Robert B. Talisse in The Fulcrum:
Democracy is hard work. If it is to function well, citizens must do a lot of thinking and talking about politics. But democracy is demanding in another way as well. It requires us to maintain a peculiar moral posture toward our fellow citizens. We must acknowledge that they’re our equals and thus entitled to an equal say, even when their views are severely misguided. It seems a lot to ask.
To appreciate the demand’s weight, consider that a citizen’s duty is to promote justice. Accordingly, we tend to regard our political opposition as being not merely on the wrong side of the issues, but on an unjust side. Citizens of a democracy must pursue justice while also affirming that their fellow citizens are entitled to equal power even when they favor injustice. What’s more, citizens are obligated to acknowledge that, under certain conditions, it is right for government to enact their opposition’s will.
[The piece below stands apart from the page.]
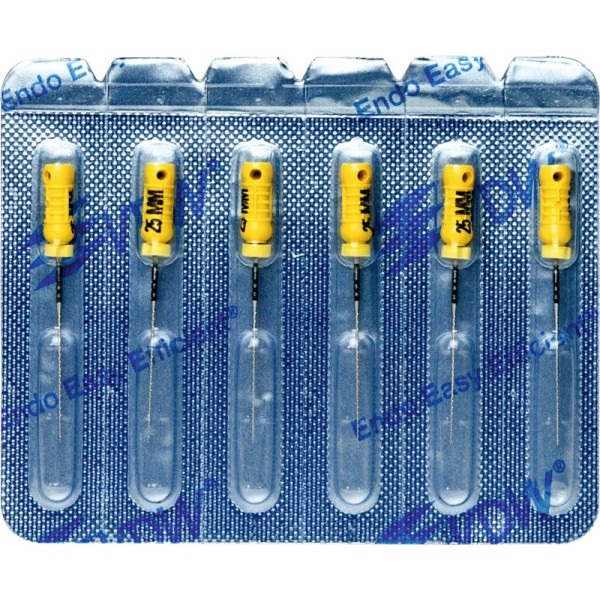 Hocheffiziente Aufbereitung in feilender Zugbewegung.Hohe SchneidleistungBruchsichere, hochflexible Stahllegierung mit hoher GefügereinheitDie inaktive Spitze führt das Instrument sicher im KanalDeutliche Kennzeichnung des Instrumententyps und der ISO Größe am GriffRöntgenopake KalibrierringeZusätzlicher Längenaufdruck am GriffMit vormontierten Silikon-Stoppern Blisterpackung 6 Feilen 25 mm ISO 020

This looks like a requirement to be complicit with injustice. That’s quite a burden.
To be sure, the demand is not altogether unconstrained. For one thing, citizens need not respect every kind of political opponent. Although the boundaries are contested, there are limits to what counts as a valid political opinion. For example, citizens aren’t required to respect those who call for the absolute subordination of one portion of the citizenry to another. Furthermore, no citizen is ever required simply to submit to the popular will. In the wake of electoral defeat, we need not quietly resign; we are constitutionally entitled to criticize and protest the outcome.
Although these consolations may make the moral demand of citizenship more bearable, it remains onerous.